That seems a bit odd to me. I mean, he is a lawyer - so why would he think he could show a court that the marriage wasn't real?? Did you get married in Poland and do you have a marriage certificate to prove this, and entry in the marriage register?
f stop 25 | 2,503
8 Dec 2012 #37
not in the way I think you're suggesting

I tried not to suggest anything, but you're right. I tend to consider what might the other, unrepresented side of the coin look like. Plus, when we tell our story here, we always make ourselves look good and will not admit to our own wrong doings, a lot of times just because we consider someone else's wrong doing more grievous and pertinent.

But in the absence of the "other side", we are free to imagine: .. a man, so deeply in love with his Asian girlfriend that he marries her, then, at the joyous news of a pregnancy, unexpectedly turns onto complete Mr. Hide and banishes his love, and the unborn child, penniless, into the street. The woman, otherwise intelligent and perceptive, is completely taken by surprise by this side of him that she has never seen, didn't even know he was not a pro-lifer!

Could be.
OP champchamp 1 | 21
8 Dec 2012 #38
why would he think he could show a court that the marriage wasn't real??

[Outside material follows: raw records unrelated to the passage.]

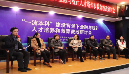为了深入贯彻全国教育大会和新时代全国高等五楼自拍 本科教育工作会议精神,总结经验、凝聚共识,加快推进“一流本科”建设,进一步提高人才培养质量,五楼自拍 于2018年12月8日,在五楼自拍 集贤宾馆隆重召开“一流本科建设背景下金融与统计人才培养与教育教改研讨会”。 83名五楼自拍 教职员工、19名学生代表参加会议,五楼自拍 教务处彭秋平副处长、李勇军副处长、国际合作交流处赵亚辉副处长、教育基金会邓利华秘书长、经济与贸易五楼自拍 副院长祝树金教授等嘉宾到会祝贺。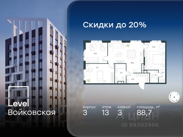 Цена указана с учётом скидки при 100%-й оплате, несубсидированной ипотеке, рассрочке (кроме программы "Рассрочка 0%"). Продается 3-комнатная квартира площадью 88.60 кв. м без отделки. Квартира находится на 14 этаже 20-этажного корпуса 5, в новом жилом комплексе бизнес-класса Level Войковская, расположенном рядом с живописным заповедником "Покровское-Стрешнево" (застройщик - компания Level Group/Левел групп). Прекрасная транспортная доступность - 7 мин. пешком до станции МЦК "Балтийская"; - 15 мин. пешком до станции метро "Войковская"; - 8 мин. на машине до ТТК; - 15 мин. на машине до центра Москвы; - 20 мин. на машине до Москва-Сити. Продуманный архитектурный проект - стильная архитектура от мастерской Фефелова В. В.; - панорамные виды на парки, Химкинское водохранилище и Останкинскую башню; - лобби с высотой потолков до 6,45 метров; - более 20 видов планировочных решений, включая редкие форматы квартир с террасой и увеличенной высотой потолков до 5,42 метров; - 2 варианта дизайнерской отделки в корпусе 4, предлагаются как дополнительная опция к отделке white box: стиль Modern в светлых холодных тонах и стиль Classic в нейтральной бежевой гамме. Квартиры в корпусах 3 и 5 сдаются без отделки. Расположение Level Войковская строится в престижном Северном округе Москвы. Развитая инфраструктура и живописная природа переплетаются в единый ансамбль, столь значимый для комфортной жизни. Войковский район окружают парки и набережные. В шаговой доступности - парк "Покровское-Стрешнево", не более 15-ти минут на велосипеде занимает путь до Тимирязевского парка и 9-ти минут до парка усадьбы Михалково. Рядом более 60 школ, 75 дошкольных учреждений, 17 государственных и 6 частных вузов, 25 супермаркетов, 4 торговых центра, среди которых ТЦ "Метрополис" и ТЦ "Авиапарк". Внутренняя инфраструктура На территории жилого комплекса предусмотрены коммерческие помещения: кафе, ресторан, пекарня и другие сервисы откроются на первых этажах корпусов. Для жителей будет доступен отапливаемый подземный паркинг на 244 машино-места с доступом с любого этажа на лифте. На территории паркинга будет расположено 125 кладовых помещений для хранения сезонного инвентаря. Лобби и благоустройство Дизайн лобби Level Войковская создан совместно с бюро BLANK. Это уютные гостиные, где хочется задержаться. Теплая цветовая гамма, ресепшен, зоны ожидания, лапомойки и гостевые санузлы - каждая деталь превращает лобби в комфортное продолжение вашего дома. 1,15 га площади в первых двух этапах строительства отведено под приватный внутренний двор, который спроектирован совместно с бюро "Правда". Детские площадки для всех возрастов, спортивные пространства для йоги, воркаута и петанка, уютные зоны для тихого отдыха или работы. Здесь утро начинается с вдохновения, а вечер наполнен приятными моментами. Лифты Комфортное перемещение внутри жилого комплекса будут обеспечивать надёжные лифты с доступом в паркинг с жилых этажей. В каждом корпусе предусмотрено по 3 грузопассажирских лифта.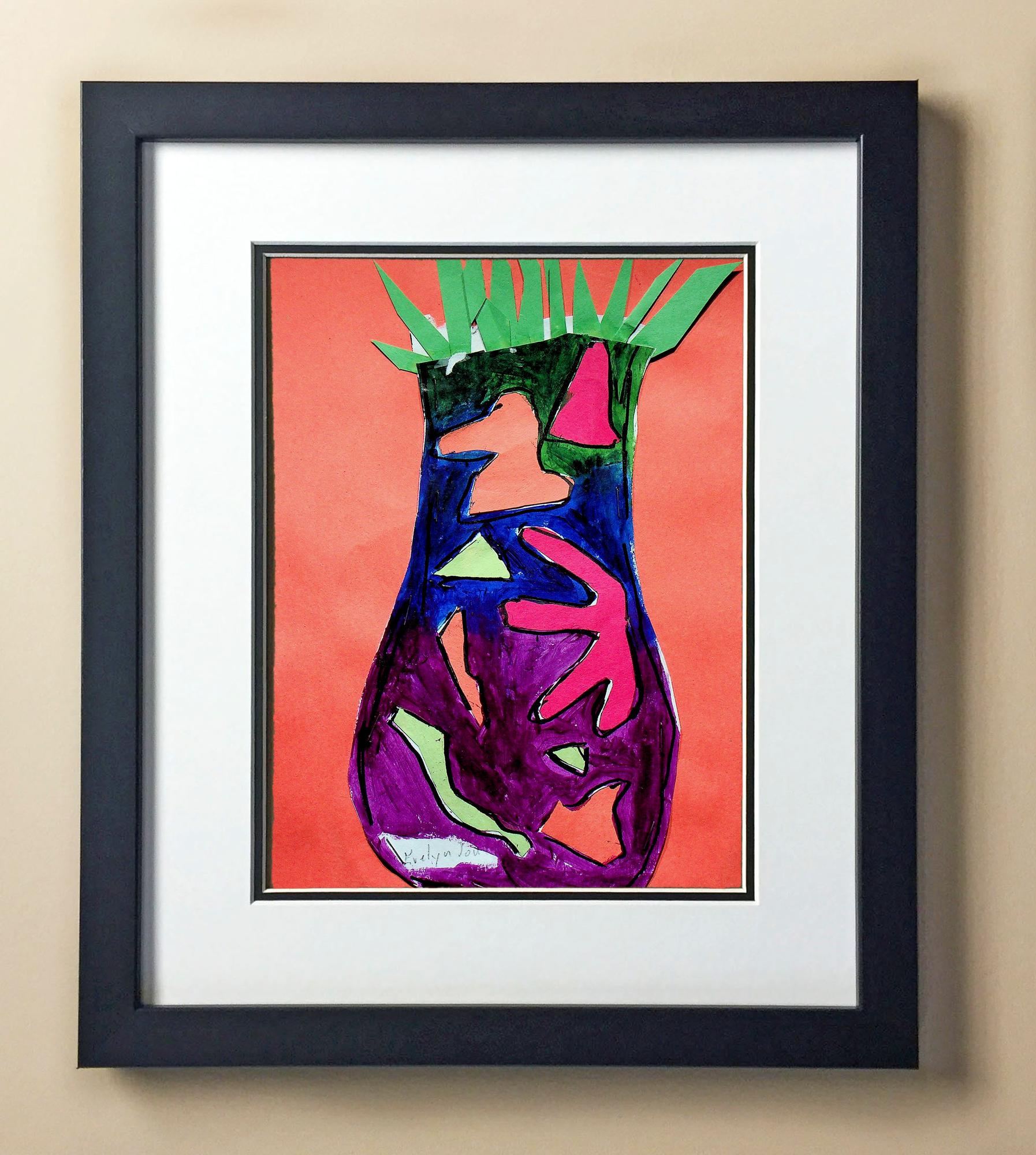 Included with the purchase is the Students Artwork, Frame, double matboard, shatter proof plexiglass, and a ready to hang backerboard with turnbuttons

Just because he said if i take him to the court then he will tell the marriage was just for money reasons and for citizenship reasons. crazy right? i dont know but it's childish

Plus, when we tell our story here, we always make ourselves look good and will not admit to our own wrong doings, a lot of times just because we consider someone else's wrong doing more grievous and pertinent.

I guess my only fault here was i did cancel my pregnancy coz that's where the horror started. I wouldnt say he is really bad before marriage although in so many things he was unfair, I did not mind all those but to kill our baby is something else.

Now tell me how can u call your own child as the name of the pills for abortion? I still dont want to say that he is a real villain here in our story but the thing is that he was crazy about abortion when he already had 3 children before? 1 was not his son (with his xGF)and he was even able to accept it. why not our child? isn't that unfair? Not that im trying to make myself look good here but everything that's happening here is not what's all on the plate. How would i even know he'd hate this pregnancy when he was always joking about having many kids. I dont know.......I really don't know.
f stop 25 | 2,503
8 Dec 2012 #39
When the pills were being skipped, did you ask him, "Darling, but the luggage! What if I get pregnant?"
OP champchamp 1 | 21
8 Dec 2012 #40
"Darling, but the luggage! What if I get pregnant?"

of course he knows it
f stop 25 | 2,503
8 Dec 2012 #41
and what was his answer?
sa11y 5 | 331
8 Dec 2012 #42
F stop, regardless of her intentions, if he didn't want the baby he should have protected himself. There are just to many Polish men playing fools when it comes down to pregnancy, as if they don't know where babies come from.
f stop 25 | 2,503
8 Dec 2012 #43
regardless of her intentions

Obviously, in her relationship, the responsibility of contraception was delegated to her. That is perfectly acceptable in a trusting relationship.
So, when they were having unsafe sex, what did she think his reaction would be to an unplanned pregnancy? Did she ask him?
I would have known, that's all I'm saying. For example, some men assume, or are assured, that a woman will "take care of it" in the event she gets pregnant. Most women will say that they were sure that he'll just love the baby once it's here. And there are those that want a baby, assume that even if he does not want it, baby and a steady income is a win-win. I'm not considering those that are not asking for financial help because that is obviously not her.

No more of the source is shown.